The Scheme consists of three components:

  • Component A: 10,000 MW of Decentralized Ground Mounted Grid Connected Renewable Power Plants of individual plant size up to 2 MW.
  • Component B: Installation of 17.50 lakh standalone Solar Powered Agriculture Pumps of individual pump capacity up to 7.5 HP.
  • Component C: Solarisation of 10 Lakh Grid-connected Agriculture Pumps of individual pump capacity up to 7.5 HP.


Significance of the Scheme

  • Increase in the income: This program provides landowners with a stable and continuous source of income for 25 years by using dry / non-cultivable land.
  • Employment: It will also help increase green energy production and create jobs in rural areas, later enabling the government sector to solarize pipe wells and pump water irrigation projects.
  • Energy availability and security: This system makes available local solar / other renewable energy sufficient to power rural load centers and agricultural pump units that primarily need electricity during the day.
  • Reduction of transmission loss: These power plants are distributed near agricultural loads or substations, reducing transmission losses for STUs and Discom.
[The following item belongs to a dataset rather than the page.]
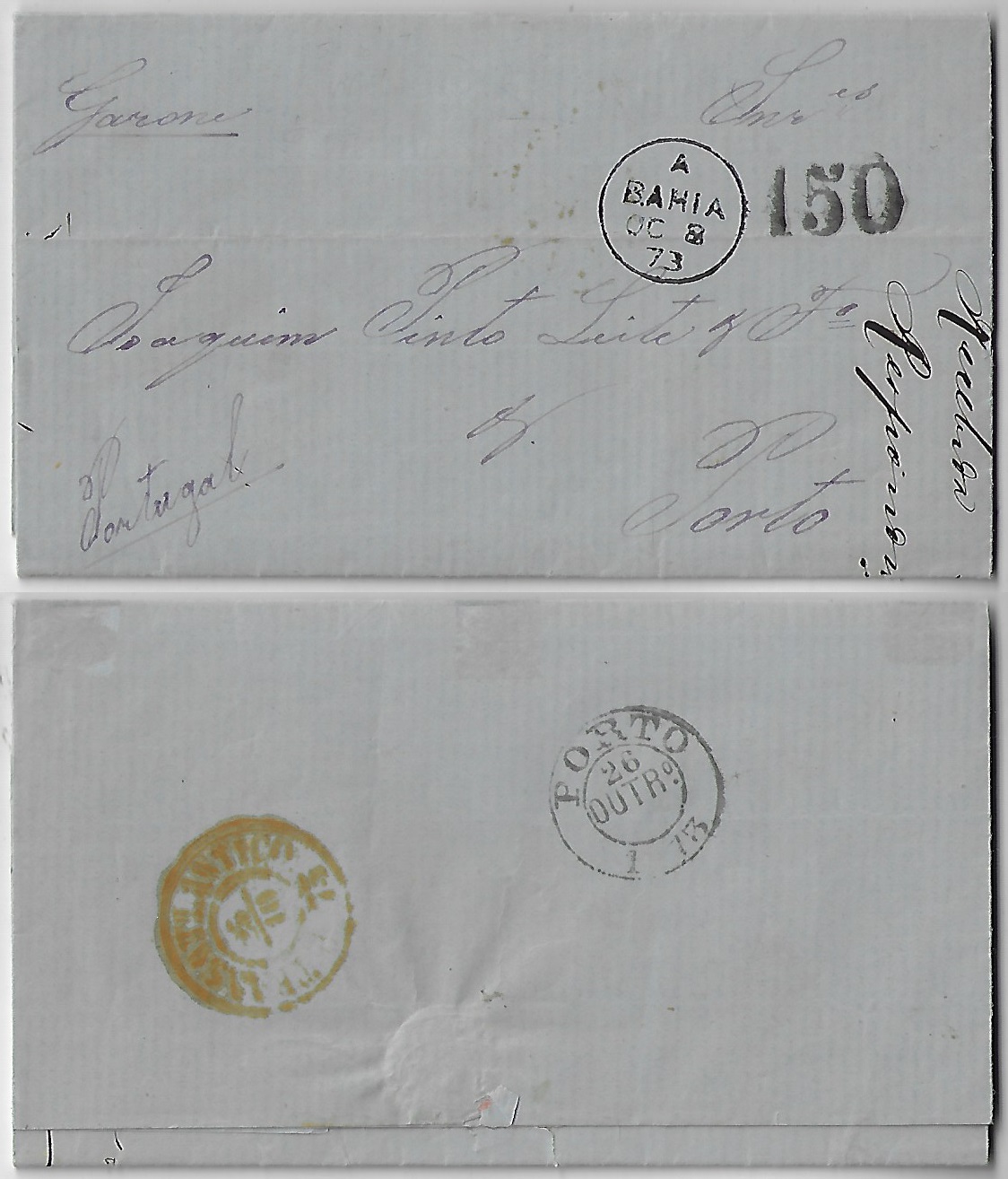 | 82471 | 1873, fold cover enviado da Bahia (6/10) para Porto / Portugal (26/10), carimbo circular “P. Transatlantico” em laranja, indicação manuscrita pelo Garonne, da Pacific Steam Navigation Company, porte português carimbado 150 Réis | 235,00 | Foto |

In addition, this program helps Discom achieve its RPO goals.
  • Cost reduction: Solar pumps save diesel costs for operating diesel pumps and provide farmers with a reliable source of irrigation through solar pumps.
  • Environmentally Friendly: This program helps prevent harmful pollution from the operation of diesel pumps.
  • Achieve national goals: This supports India's commitment to increase the percentage of installed electricity capacity from non-fossil fuels to 40% by 2030.
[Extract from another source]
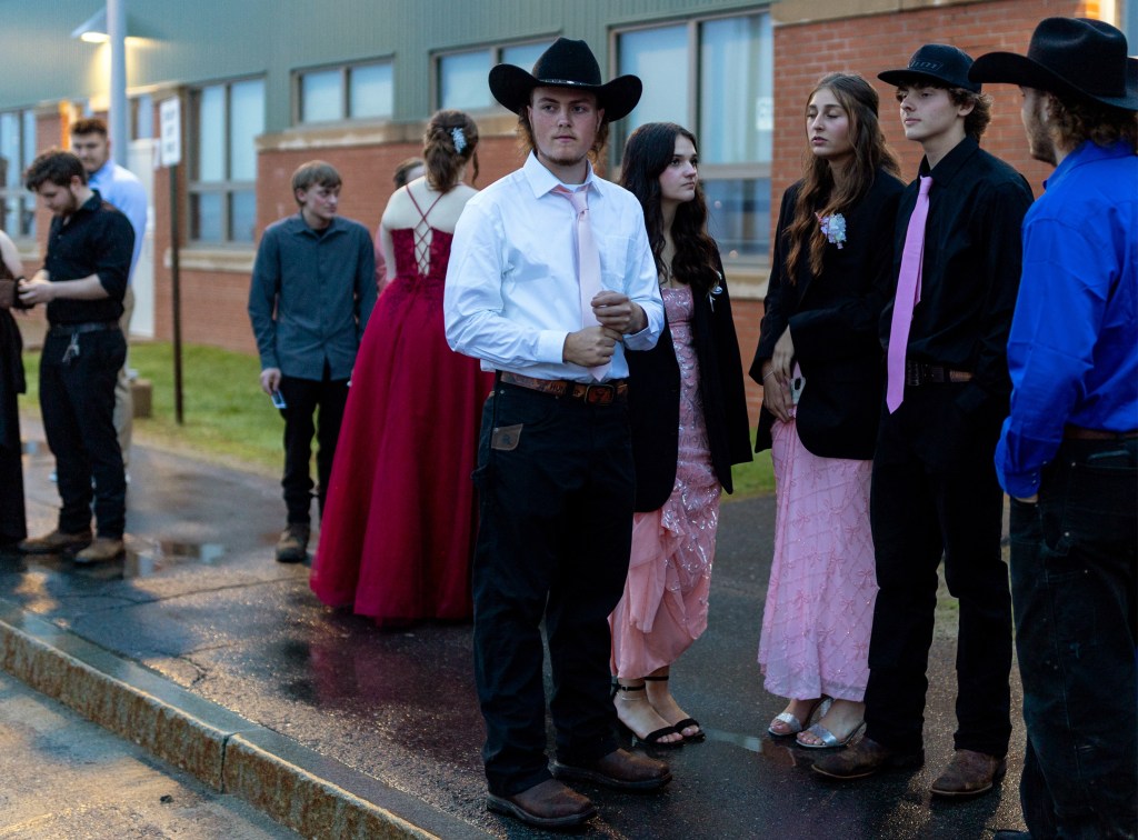 Owen Northrup, center, sports a cowboy hat for Mt. Blue High School’s prom in Farmington.Students gather in the gym to dance at Mt. Blue’s prom.Liam Dorr, center left, and Avery Jessen, center right, did their hair in liberty spikes for their senior prom. “We’re both kind of punk and alternative,” Jessen said. “This just injects a little fun into it.”

  • Regulation: Very few federal states have started bidding or commissioning projects for solar feed-ins or grid-connected pumps.
  • Operational and technical: Discoms is more utility than distributed PV (under the program) because of the higher cost of distributed PV and the loss of location benefits due to the exemption from interstate transmission system (ISTS) fees
  • Financially: The current barriers to their introduction are concerns about their economic feasibility in the face of high agricultural subsidies, supplying excess electricity when selling water or irrigating additional land.
  • Lack of Credit: In addition, many unsecured farmers do not have access to bank credit.
  • Lack of trust: The grid connection model requires the pump to be measured and billed for billing, but lacks trust between the farmer and the nightclub.
  • Awareness: barriers include limited awareness of solar pumps and the inability of farmers to pay upfront payments.
  • COVID: The pandemic turmoil, limited purchases from the state, and implementation challenges all affected the implementation of the program.


Way Forward:

  • Extending the Scheme: Extending PM KUSUM's schedule to 2022 and beyond will allow DISCO to coordinate this scheme with its electricity procurement plan.
  • Create a fair competition for distributed solar systems: To counter the prejudice against distributed solar energy, address substation counterparty risk and grid failure risk, standardize pricing to reflect the higher costs of distributed power plants, and solar system ISTS.
  • Optimize land management: Optimize land management through coordination between departments. This helps reduce delays in leasing or converting farmland for non-agricultural purposes such as solar power.
  • Innovative solution: Government should innovative solutions to fund the contributions of farmers. Government need out-of-the-box solutions, such as the Karnataka pilot project, a special vehicle for farmers to help farmers install solar power plants on their farms.
  • Intelligent solution: Build trust by deploying solutions such as smart meters and smart transformers and working with farmers.